The CC2M File Format

This document describes the basic format of the CC2M file format. The name "CC2M" is short for "Chip's Challenge 2 Map", and this is the native format used for CC2 levels. However, it is also used for the CC1 levels that accompany the CC2 release, and this is what is documented below. Please note that this document only covers those aspects of the file format as used by the CC1 ruleset; CC2-specific features are documented elsewhere.

Please also note that this is a work in progress. There are still several aspects of the CC2M file format that are unexplained below.

The Basic Layout

The file header is ten bytes in size, and consists of the following three fields:

0-3  signature bytes: "CC2M"
4-7  signature value: 2
8-9  file subtype: a value between 0x33 and 0x37

It is not fully known what the file subtype indicates.
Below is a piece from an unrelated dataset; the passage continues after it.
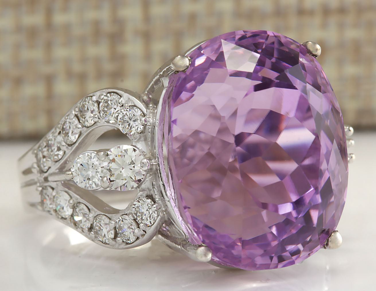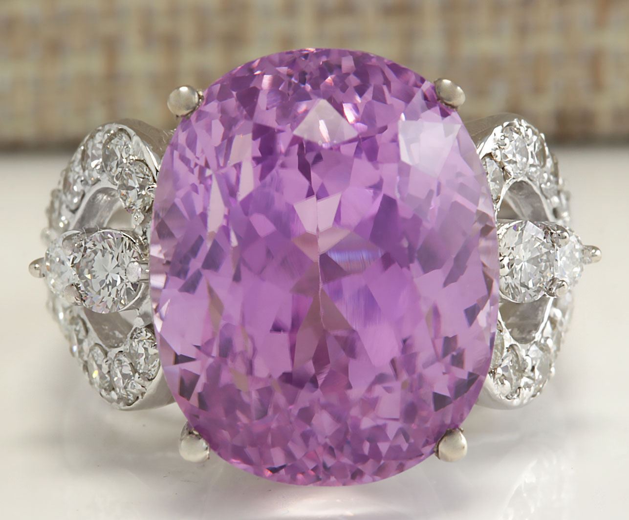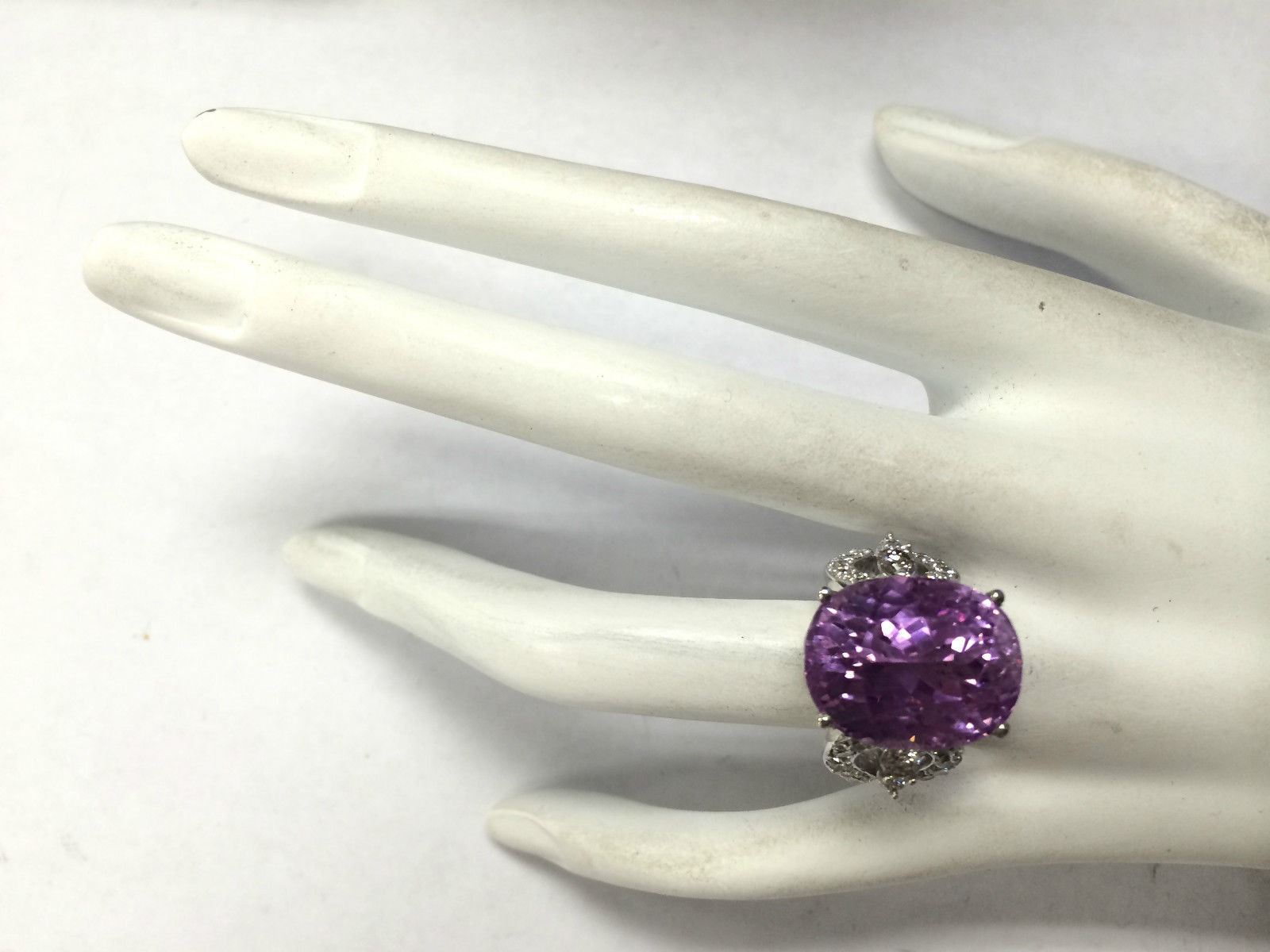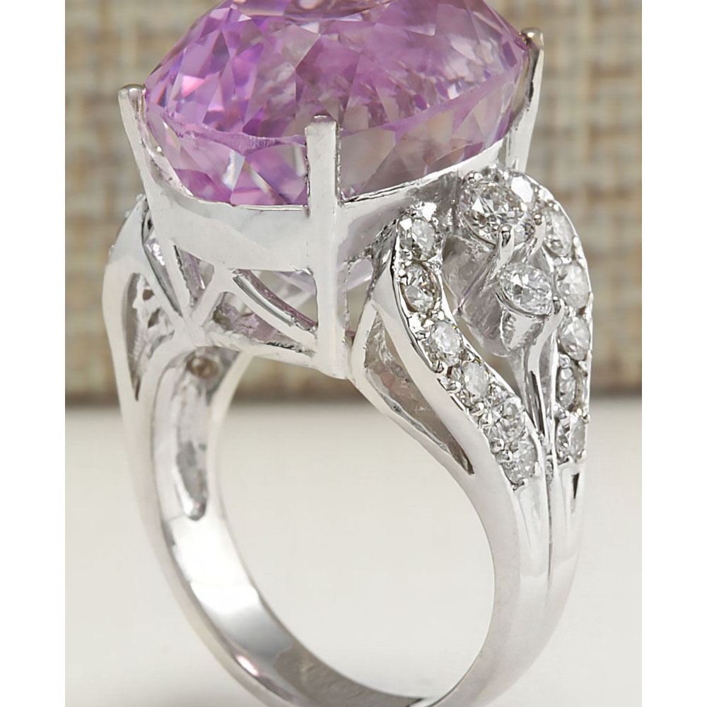 22.38 CTW Natural Kunzite And Diamond Ring In 18K Solid White Gold

The assumption is that it is a version number that allows the software to be backwards-compatible with previous file versions. Note that the observed values map to the ASCII digits "3" through "7". It is assumed that this is not coincidental, and the rest of this text will refer to subtypes 3 through 7.

The file header is followed by a list of one or more blocks. These blocks comprise the file's contents.

Each block begins with an eight-byte header:

0-3  block type, e.g. "LOCK", "TITL"
4-7  size of block contents (not including this header)

The block type signature is always four ASCII characters. Type names which are only three characters long are space-padded, such as with "KEY " and "END ".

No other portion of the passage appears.